Ask for failure handling explicitly
If you care about production readiness, ask for:
- timeouts
- retries
- cancellation behavior
- cleanup on task failure
- bounded concurrency
- backpressure handling
These concerns materially change the code. If you omit them, first-pass output may look correct but behave poorly under real traffic.
Request a pattern choice before code generation
A strong way to use async-python-patterns guide style output is:
“First choose the right async pattern and explain why.
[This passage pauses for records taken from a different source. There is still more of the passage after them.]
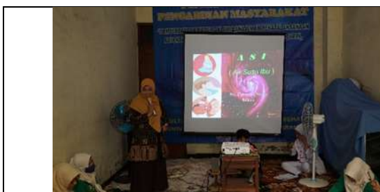
Gambar 2 Penjelasan materi tentang ASI
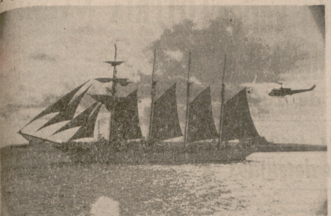
MADRID.—Ha salido del puerto de Cádiz el buque "Juan Sebastián Elcano", que inicia así un viaje de vuelta al mundo que no realizaba desde el año 1935, para conmemorar el histórico viaje de Magallanes y Elcano, siguiendo la ruta iniciada por el primero en 1522.
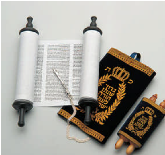
Mini-Tora-Rolle Tora-Mantel , bedruckt „Jad“ Zeigefinger mit Kette (ca. 40 cm)

Die Kippa , auch Jarmulke genannt, ist die traditionelle Kopfbedeckung der Männer im jüdischen Gotteshaus und an anderen Heiligen Orten. Auch beim Beten oder Rezitieren von Segenssprüchen bedeckt man sein Haupt mit diesem Käppchen. Obgleich von den Weisen niemals gesetzlich festgelegt, geht der Brauch, nicht unbedeckten Hauptes zu gehen.
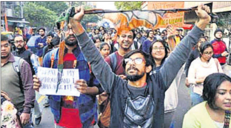
କେଏନ୍‌ୟୁ ହିଂସା ପ୍ରତିବାଦରେ ଯାଦବପୁର ବିଶ୍ୱବିଦ୍ୟାଳୟ ଛାତ୍ରାଛାତ୍ର ବିକ୍ଷୋଭ ପ୍ରଦର୍ଶନ କରୁଛନ୍ତି।
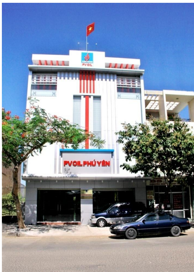
Văn phòng Công ty
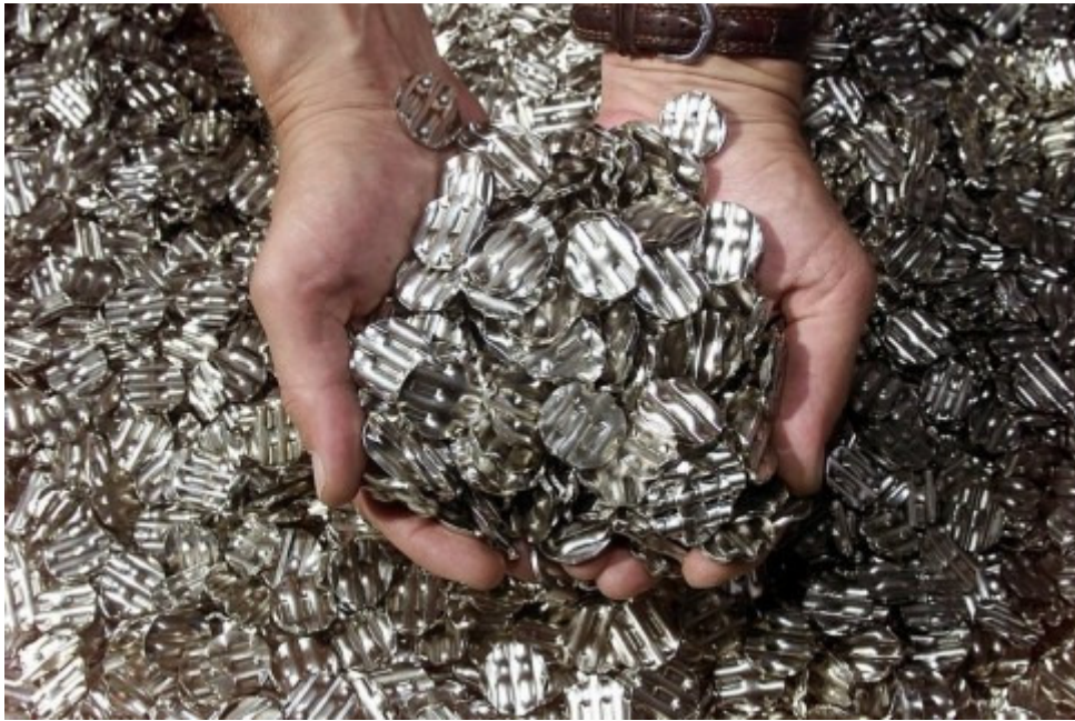
Unbrauchbar: Über die Landesbanken ausrangierte Markstücke werden mehrfach verbogen. Aus dem geschmolzenen Rohstoff werden später wieder Eurostücke geprägt.
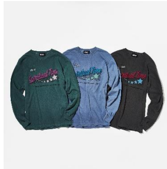
↑ビッグメントロングスリーブTシャツ 価格：8,800円（税込） カラー：グリーン、ブルー、グレー サイズ展開：M,L
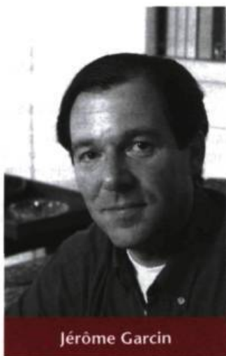
J. Sassiery/Opale Jérôme Garcin

Qui aurait cru lire un jour un vade-mecum du bonheur signé de « l'inventeur » du pessimisme ? Ceux qui liront L'art d'être heureux , À travers cinquante règles de vie d'Arthur Schopenhauer (Le Seuil, traduction Jean-Louis Schlegel) comprendront que, pour l'auteur de Le monde comme volonté et comme représentation , être heureux c'est accommoder son malheur. Ici, donc, plutôt l'absence de souffrance que la multiplication des bonheurs.

Then provide code.”
This avoids premature code generation and surfaces whether you should use simple awaits, gather, semaphores, queues, background workers, or thread offloading.
Improve first-pass output through iteration
After the first response, refine with focused follow-ups such as:
- “Now make outbound calls concurrency-limited to 10.”
- “Show where cancellation propagates.”
- “Mark any sync boundaries that should remain sync.”
- “Separate CPU-bound parsing from I/O-bound fetches.”
- “Add notes for FastAPI request lifecycle integration.”
This turns async-python-patterns usage into a practical design loop instead of a one-shot answer.
Common failure modes to watch for
Watch for these issues in generated output:
- wrapping blocking code in
async defwithout making it non-blocking - using unbounded concurrency
- mixing sync and async database access in one flow
- treating CPU-bound work as if async will speed it up
- missing timeout or cancellation paths
- overcomplicating simple scripts that should stay sync
If you see any of these, ask the skill to simplify or to justify the async architecture from first principles.
Best way to evaluate whether the skill helped
A good async-python-patterns install decision is not based on how much code it generates. Judge it by whether it helps you answer:
- should this become async at all?
- where are the true bottlenecks?
- what must remain sync or move to a thread/process?
- what concurrency controls are necessary?
- what operational risks appear after the refactor?
If the skill improves those decisions, it is doing useful work beyond a repo skim or generic prompt.